就活本を読む就活生へ

就活生の個性のなさが、仕事の中で話題に上がる。巷で流行っている「就活本」なるものを熟読し、きれいな回答をしてくる就活生が年々多くなっているとのこと。

就活本を否定する気は全くない。ただ、「就活本を読み込めば採用される」と考えている就活生が多いのは、試験で良い点数を取ればもてはやされる日本教育の弊害ではないか。

新卒の場合。就活生がどんな能力があり、会社にどう貢献してくれるのかなんて、どうでもいい。むしろ、これからどうなりたいか、将来何になりたいかが明確になっていることが重要だ。それを実現するための踏み台として会社がある。でも、社会人経験がない就活生がこれに気づくのは難しい。

ぼくも就活生のときは「就活本はくだらない」とは思っていたものの、しっかり対策を練る周りを見て焦りを感じていた。でも就活本にしがみつきたくない。だから、ぼくは「くだらない本を読んでるやつが採用される会社に行くもんか」と開き直っていた。唯一の対策は会社のHPを見るだけ。行きの電車で。どんな質問が来るかは対策をしなかった。その場に出てきた言葉で喋ろうと割り切っていた。

結果、幸運にもメガバンクに就職できた。当時の人事担当者に話を聞く機会があった。僕は「堂々としていた」そうだ。当の本人は緊張しすぎて何も覚えていないが。

堂々としていたのは、自分が究極のマイナス思考であることも関係しているように思う。一般的に、「堂々=プラス思考」とのイメージの方が強いと思う。でも逆も成立する。自分はどうせ出来ないと諦めるからだ。

諦めると、無駄な抵抗をしなくなる。自然に力が抜ける。極限まで研ぎ澄まされた矢印こそ「堂々としている」ように見えるらしい。
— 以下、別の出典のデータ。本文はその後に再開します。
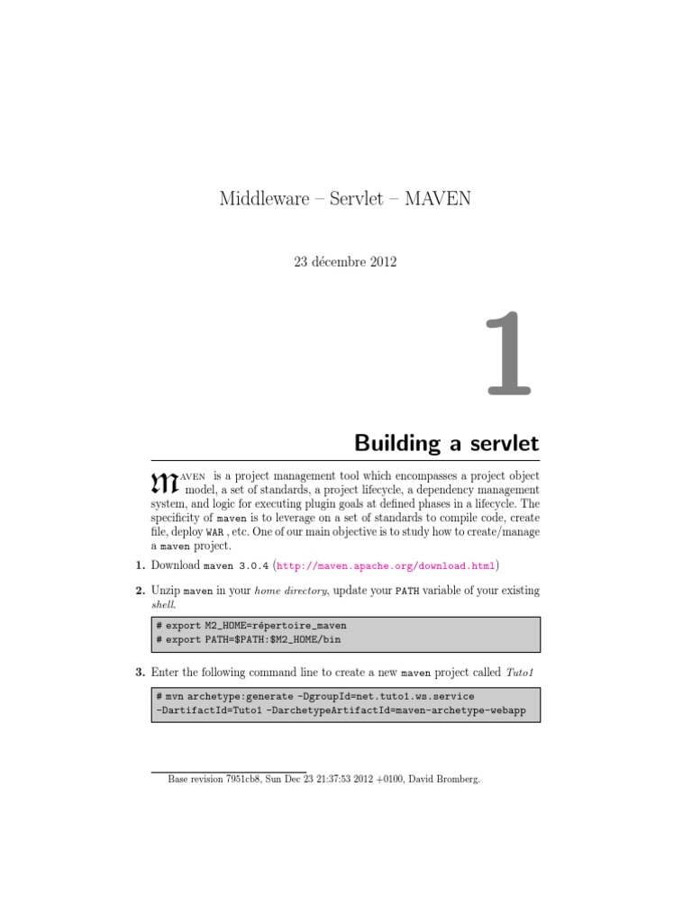 8. Enter either mvn clean install or mvn compile command in your shell at the root of your project. The compilation phase may fail as it lacks some dependencies. To overcome this issue, you should add the servlet API dependency in your [Link] le as illustrated in the following : Listing 4 [Link] download

今の就活生へ。就活に正解はない。ある意味、みんな正解だ。だからこそ、あまり力を入れずに戦ってほしい。22年間もかけて作り上げてきた「自分」という作品を、知らないやつが書いた就活本が的確に説明出来るわけがない。自分をよく知るのは自分だ。あらかじめ質問を予想し、自分なりの個性を出した回答を用意するのは、人事から見ると「無個性」に映る。緊張しながらも、少しずつ言葉を捻るその姿に、個性は宿る。

何度も言うが、22年間の集大成。自信を持ってほしい。